Gerson Camata (June 29, 1941 – December 26, 2018) was a Brazilian journalist and politician. Camata served in Federal Senate for three terms from 1987 until 2011. He was also the first person directly elected Governor of Espírito Santo, an office he held from 1983 to 1986, following the restoration of democracy in the 1980s.

==Education==
Camata graduated from Federal University of Espírito Santo with a degree in economics. He worked as a journalist and host for Radio Espírito Santo, where he covered crime and the police.

==Political career==
In 1967, Camata began his political career as a Vitória city alderman for the National Renewal Alliance (ARENA), the party of the military dictatorship that ruled Brazil at the time. He served on the city council from 1967 until 1970, when he was elected to the Legislative Assembly of Espírito Santo as an ARENA state deputy.

In 1974, Camata was elected to the federal Chamber of Deputies as a member of ARENA. He won re-election to a second term in the Chamber of Deputies in 1978. In 1979, with the legalization of opposition parties, Camata left ARENA and joined the newly formed Brazilian Democratic Movement Party (PMDB) in opposition to the government.

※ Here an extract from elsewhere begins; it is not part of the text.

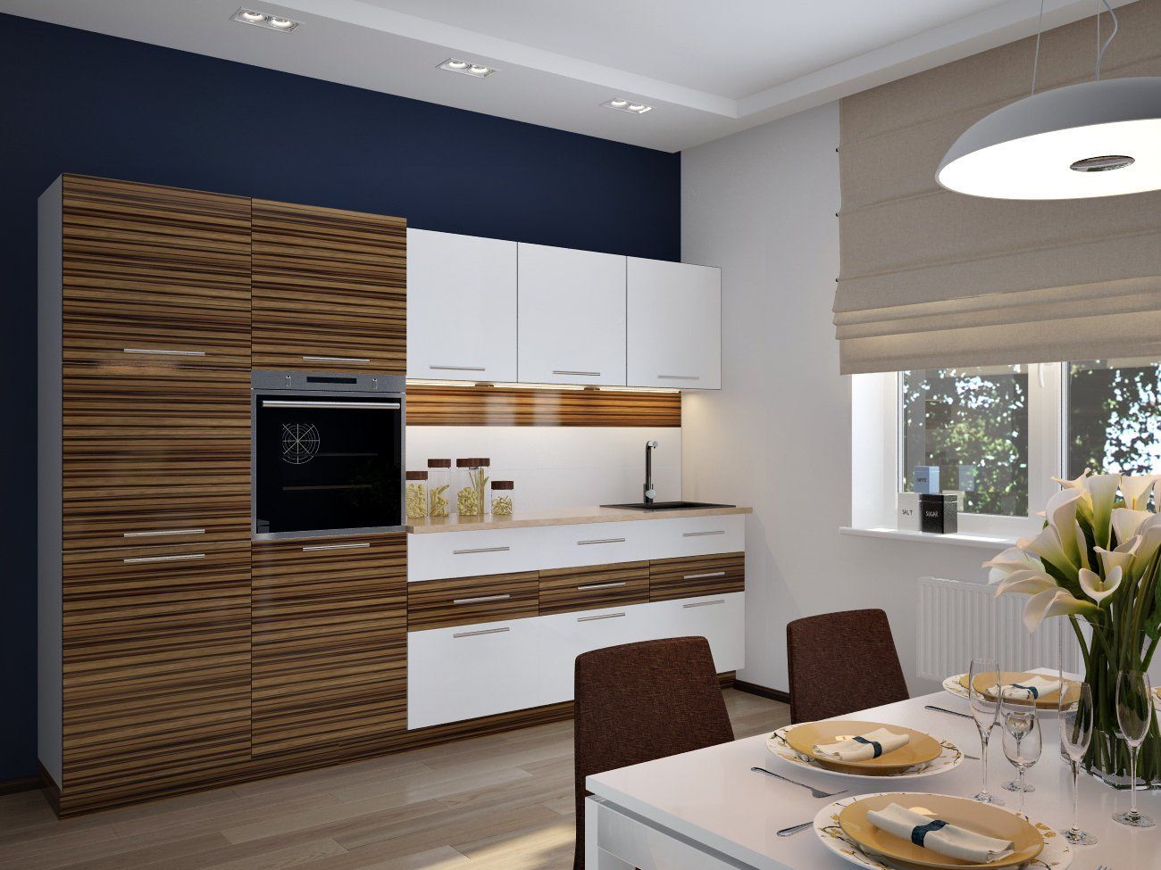 Кухня сочетание белого и дерева

In 1982, Camata announced his candidacy for Governor of Espírito Santo. He won the 1982 Espírito Santo gubernatorial election with 67% of the vote, becoming the first person directly elected as Espírito Santo's governor during the transition to democracy. He served as governor from 1983 until 1986, when he resigned to run for the Federal Senate. His vice governor, José Moraes, succeeded Camata as the new governor of Espírito Santo.

Camata was elected to his first term in the Federal Senate in the 1986 Brazilian legislative election. He won re-election to Senate in the 1994 and 2002 legislative elections. Camata served the Senate for twenty-four years (and three full terms) until his retirement in 2011. During his final term, Camata simultaneously served as the state Secretary of Development, Infrastructure and Transport under Governor Paulo Hartung, beginning in May 2006.

==Death==
On December 26, 2018, Camata was gunned down by a former aide in the Praia do Canto neighborhood of Vitória, Espírito Santo. He was 77 years old. The shooting occurred outside a restaurant near the intersection of Chapot Presvot and Joaquim Lyrio streets. Camata was shot in the left shoulder. The bullet exited through his right shoulder, causing damage to his internal organs. He did not survive the attack and died at the age of 77.

Police captured the assailant, Marcos Vinícius Moreira Andrade, a former aide to Camata, just minutes after the attack.

Camata, a resident of the Ilha do Frade neighborhood of Vitória, was survived by his wife, Rita Camata, a former state and federal deputy, and their two children, Bruno and Enza Rafaela. Espírito Santo Governor Paulo Hartung declared seven days of mourning following Camata's murder.